The problem: Omitting all images, transcribe the listing word for word.

Exercise data:
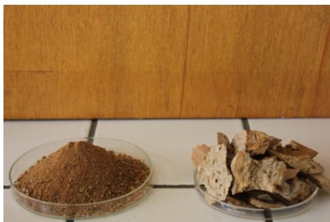
Figure 1. Bark of Rauvolfia nukuhiensis after and before the grinding process
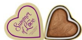
Love Hot Summer Bronzer
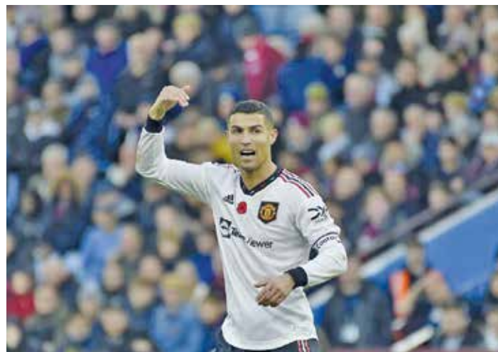
Manchester United's Cristiano Ronaldo gestures during a match (file photo)

However, the 37-year-old was absent from the squad in Sun-

Solution for this problem:
Figure 1. Bark of Rauvolfia nukuhiensis after and before the grinding process
Love Hot Summer Bronzer
Manchester United's Cristiano Ronaldo gestures during a match (file photo)

However, the 37-year-old was absent from the squad in Sun-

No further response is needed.